-
Notifications
You must be signed in to change notification settings - Fork 99
JenaTextSparql: multi-word search returns 0 results (space escaped as Lucene special character) #1930
Description
Summary
Multi-word search queries return 0 results when using sparqlDialect "JenaText", even though each word individually matches correctly. This affects both the UI search and the REST API.
Reproduction
Using stock Skosmos 3.1 with Fuseki 5.4.0 (StandardAnalyzer, default config).
Test vocabulary — a simple 9-concept SKOS vocabulary with multi-word labels:
@prefix skos: <http://www.w3.org/2004/02/skos/core#> .

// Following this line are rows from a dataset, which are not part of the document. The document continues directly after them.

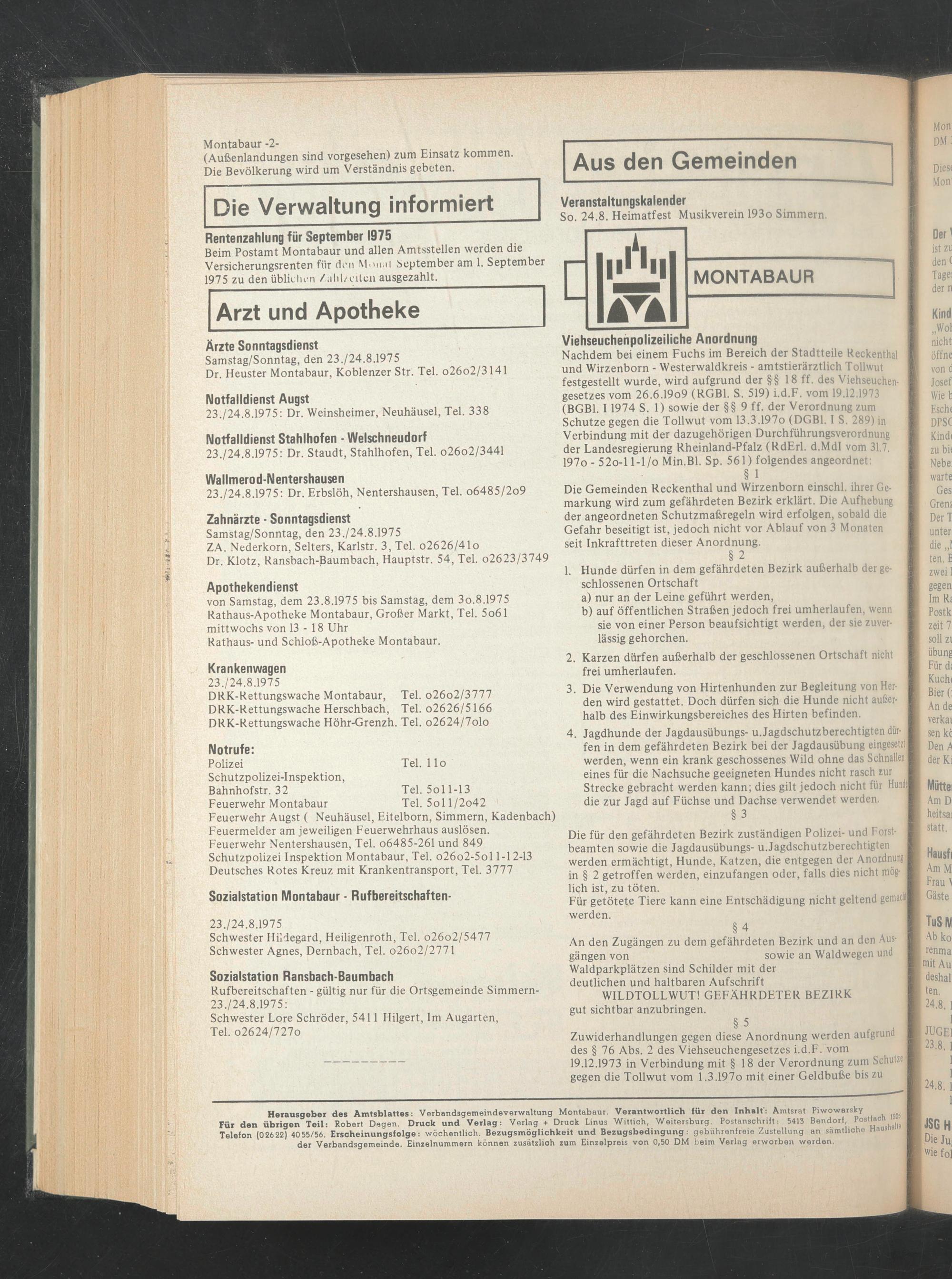 Herausgeber des Amtsblattes: Verbandsgemeindeverwaltung Montabaur. Verantwortlich für den Inhalt': Amtsrat Piwowarsky Für den übrigen Teil: Robert Degen. Druck und Verlag: Verlag + Druck Linus Wittich, Weitersburg. Postanschrift; 5413 Bendorf, Postfach 12^ Telefon (02622) 4055/56. Erscheinungsfolge: wöchentlich. Bezugsmöglichkeit und Bezugsbedingung: gebührenfreie Zustellung an sämtliche Haushalte der Verbandsgemeinde. Einzelnummern können zusätzlich zum Einzelpreis von 0,50 DM beim Verlag erworben werden.
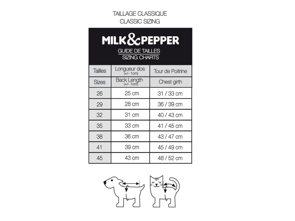 Hřejivá mikina pro psa je vhodná především na chladné podzimní a jarní večery, ale i na zimu, a to pro menší a středně velké pejsky. Mikina zaujme především huňatým límcem a pohodlným střihem. Mikina zakrývá celý hřbet a bříško. Psí obleček je opatřen kapucí s roztomilýma ušima, takže váš chlupatý mazlíček oslní na každé procházce. Na kapuci obleček zdobí nápis Milk&Pepper. V případě ušpinění je možné mikinu vyprat v pračce na 30°C.
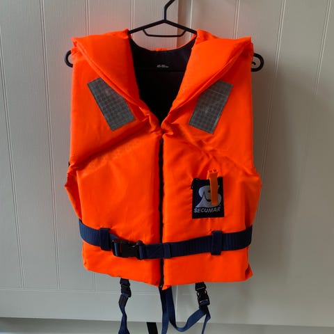 Sælger to Secumar redningsveste til voksne i blå med rød kant.
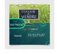 Terrain à vendre dans un lotissement approuvé, Au calme à entre zeouia et cité riadh, titré, d'une superficie : 4404 m² . Prix : 350 TND/ M² . A VOIR ! * Visite : gratuite Pour plus des renseignements , vous pouvez nous contacter sur les : Wajdi Souayah 94 81 84 84 // Mlle Eslem 53 66 99 16 ou Mr Brahim 29 300 900 // Email : bigimmotunisia@gmail.com Ou Soyez les bienvenus chers clients à notre agence : Siege : Big Immo Tunisia, Khezama Ouest , Rue Hassan Ben Said Sousse, près de librairie SIAB 4051 Sousse. Votre confiance est notre réussite !

@prefix ex: <http://example.org/test/> .
ex:scheme a skos:ConceptScheme ;
skos:hasTopConcept ex:cat, ex:dog .
ex:cat a skos:Concept ;
skos:inScheme ex:scheme ;
skos:prefLabel "Cat"@en ;
skos:altLabel "Domestic cat"@en .
ex:siamese a skos:Concept ;
skos:inScheme ex:scheme ;
skos:prefLabel "Siamese cat"@en ;
skos:broader ex:cat .
ex:dog a skos:Concept ;
skos:inScheme ex:scheme ;
skos:prefLabel "Dog"@en .
ex:labrador a skos:Concept ;
skos:inScheme ex:scheme ;
skos:prefLabel "Labrador retriever"@en ;
skos:broader ex:dog .Results via REST API:
| Search query | Expected | Actual |
|---|---|---|
Siamese* |
1 result (Siamese cat) | 1 result ✅ |
Siamese cat* |
1 result (Siamese cat) | 0 results ❌ |
Labrador retriever* |
1 result | 0 results ❌ |
Domestic cat* |
1 result (altLabel match) | 0 results ❌ |
# Works:
curl -s 'http://localhost:9090/rest/v1/test/search?query=Siamese*&lang=en'
# → {"results":[{"prefLabel":"Siamese cat",...}]}
# Broken:
curl -s 'http://localhost:9090/rest/v1/test/search?query=Siamese+cat*&lang=en'
# → {"results":[]}Root Cause
In src/model/sparql/JenaTextSparql.php, the LUCENE_ESCAPE_CHARS constant includes a space character at position 0:
public const LUCENE_ESCAPE_CHARS = ' +-&|!(){}[]^"~?:\\/';
// ^ space hereThe createTextQueryCondition() method escapes every character in that list:
$lucenemap[$char] = '\\' . $char;
$term = strtr($term, $lucenemap);This transforms "Siamese cat*" into "Siamese\ cat*", telling Lucene to treat the space as a literal character rather than a word separator.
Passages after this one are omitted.